I’m pleased to see the Google Print issue spurring discussion of the role of corporations in controlling access to information. See, e.g., today’s post @ Gnuosphere [link from sivacracy]
Gnuosphere, Siva, and others point out that Google isn’t doing Google Print out of the goodness of its heart; the company is scanning, indexing, and providing access to information for lots and lots of money. These warnings are a helpful antidote to Google worship.
But the problem with this complaint can be seen in the gnuosphere post:
Personally, I’m not against having an institution be granted the right to create such a database. But I’m wary about handing over such privilege and control to a body that is not working for the people. Should a corporation control what could potentially become the world’s first digital library? What is the purpose of a library? Why do libraries exist? For who do libraries exist? If this project is to become a globally accessible library, should there be someone controlling your right to read?

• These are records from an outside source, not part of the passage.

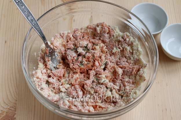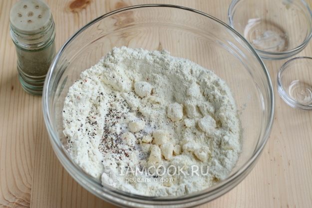 Высыпаем муку в миску и добавляем порезанное кусочками холодное масло, соль и молотый перец. Разомнем все в крошку при помощи обычной вилки.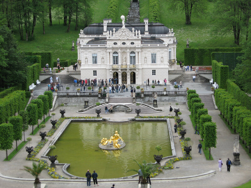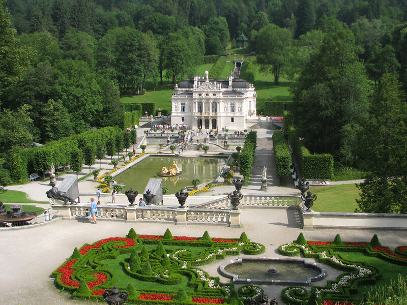 Замок Линдерхоф был построен по указанию короля Людвига II. Первоначальные замыслы родились у короля после посещения Версаля в 1867 г. Уже в 1869г. он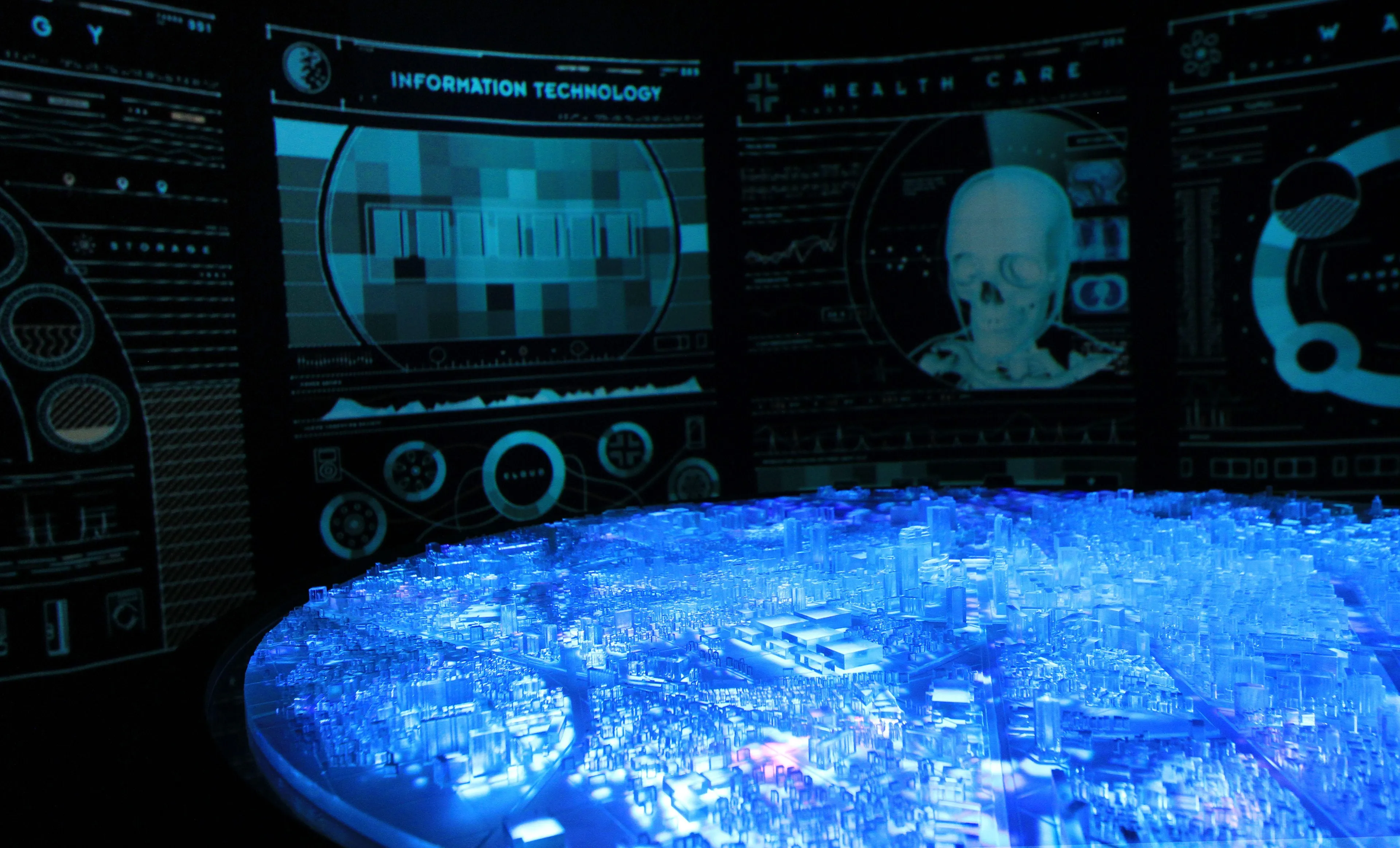 The Kawasaki City of the future, output in transparent resin with a 3D printer, and an enormous circular space.

As the database of books increases in size and therefore scientific and cultural value, is an unregulated for-profit corporation the best choice to manage and control that database?
I think not.
The impulses guiding this post are clearly pro-public access and use, and pro-library, and I wholeheartedly support that. But the issue is couched as “handing over … control” of this information to a corporation. “[G]rant[ing] the right to create such a database.” Making a “choice” of entities to “manage and control” that database.
No, no, no.
The point of people’s support for Google Print is not that we support Google, love Google, or want Google to control our access to information. The point is that Google, and any other entity who wants to do it, should be able to add value to information. Google should not be THE ONE; Google should be ONE OF MANY. Picking and choosing a single entity presupposes that the information is already controlled, and this new use, this new added value, is to be carefully metered as a scarce resource.

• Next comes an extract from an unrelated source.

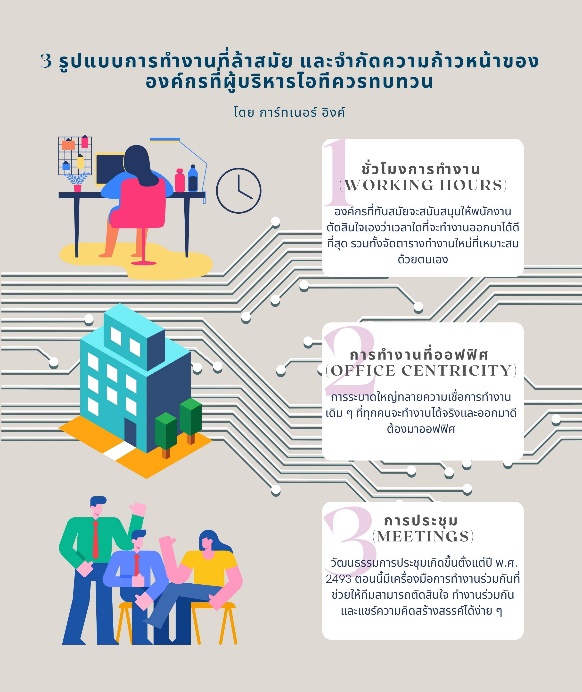 การทำงานที่ออฟฟิศ (Office centricity) — การระบาดใหญ่ได้ทลายความเชื่อการทำงานเดิม ๆ ที่ทุกคนจะทำงานได้จริงและออกมาดีต้องมาออฟฟิศ และมีหัวหน้างานคอยสอดส่องดูแลช่วยเหลือควบคุมความคืบหน้าของงาน ปัจจุบันองค์กรธุรกิจส่วนใหญ่กำลังวางแผนปรับโหมดการทำงานไปสู่ไฮบริดเพื่อรองรับการทำงานในอนาคต และเข้าใจว่าพนักงานสามารถทำงานได้อย่างเต็มประสิทธิภาพจากระยะไกล สำหรับงานที่ต้องใช้ 'สมาธิ' ขณะที่ออฟฟิศยังเป็นสถานที่ที่เหมาะที่สุดสำหรับทำกิจกรรมร่วมกันบางอย่าง อาทิ สำหรับสร้างความสัมพันธ์และทำงานร่วมกัน

We should be concerned about Google Print’s contractual restrictions on holders of its scanned works. But we should not fear Google simply for being the first entrant into the market. Google turns out to be evil? Implementing DRM, gathering and exploiting private personal data, indexing our DNA, imposing restrictive licensing agreements on its source material holders? Fine, criticize the evil practices (and Google too). Some other entity turns out to be evil, and wants to restrict copyright such that only Google’s database is valid? Criticize them, too. But I want to recommend that we resist the conflation of evils. If we’re concerned that Google is going to control a big huge really valuable database, and possibly to the detriment of those who want to use the database, then the answer is, in First Amendment terms, more speech. More databases, more indexers, more more more.
Bonus: Free Rant!
And by the way, you publishers, authors, and copyright-holders. You want to cash in on this market? Why don’t you consider selling the electronic texts to the aggregators and indexers for cheaper than they can scan them in and with reasonable licensing terms? There’s your market, right there. In fact, technology has made that market available to you for MORE THAN THIRTY YEARS. Dialog, Lexis, WestLaw, and other database vendors could have been using the full text of books for a really long time. Libraries would have killed to have full-text access to books.
As it happens, ignoring obvious markets is not new to the publishing industry. Book publishers ignored the market for enriched information content for years before they began ignoring the market for searchable full-text. Libraries and indexers could have used, at any time in the 20th century, a flourishing market for bibliographic and enriched descriptive information about books. Instead, with no such market, librarians CREATED, from scratch, and at very great expense, indexes and catalogs of information about books — with virtually no assistance from publishers. All those major research databases like MedLine, Agricola, and the like? Laboriously created by individual librarians, basically indexing and cataloging research journals by hand. Compare book publishers to research journal publishers. After some time research journal publishers figured out there was a market in enhanced information content, and began figuring out how to take advantage of that market. They facilitated the indexing process by including keywords and abstracts. They began selling tables of contents and journal indexes to the literature indexes. Ultimately they began selling full-text to databases and aggregators. In fact, once they figured it out, research publishers have been incredibly successful at capturing monetary value from information that the authors mostly want to give away for free. (So successful, in fact, that academic authors are having to fight their own publishers to get that valuable research information out of the market — another very interesting topic for another time.)
Could book publishers have done something similar? Sure. But for decades, literally, book publishers ignored this opportunity. As with research journals, individual librarians created the catalogs and indexes of books, hand-examining each book, figuring out what the book is about and how to describe it, etc. Libraries organized consortia and union catalogs to share this information and reduce the expense of creating it. For most of the time that cataloging took place, book publishers weren’t much help. Only in the very last few years have book publishers even begun to scratch the surface of providing enriched content to libraries and information vendors, by providing tables of contents to library systems vendors, and dipping their toes into very limited full-text databases that are scarcely available to anyone.
So the book publishing industry quaked in its boots and sat on its ass and ignored the market for searchable full-text, focusing solely on the market for information packaged as a physical artifact. And now the industry wants to complain that Google is jumping into the market? And doing it, not by licensing the full texts from the publishers, but in the most expedient fashion possible, by scanning? Please. Cry me a river, and while you’re at it, shed a few tears for the recording industry’s failure to jump online in the mid-90s.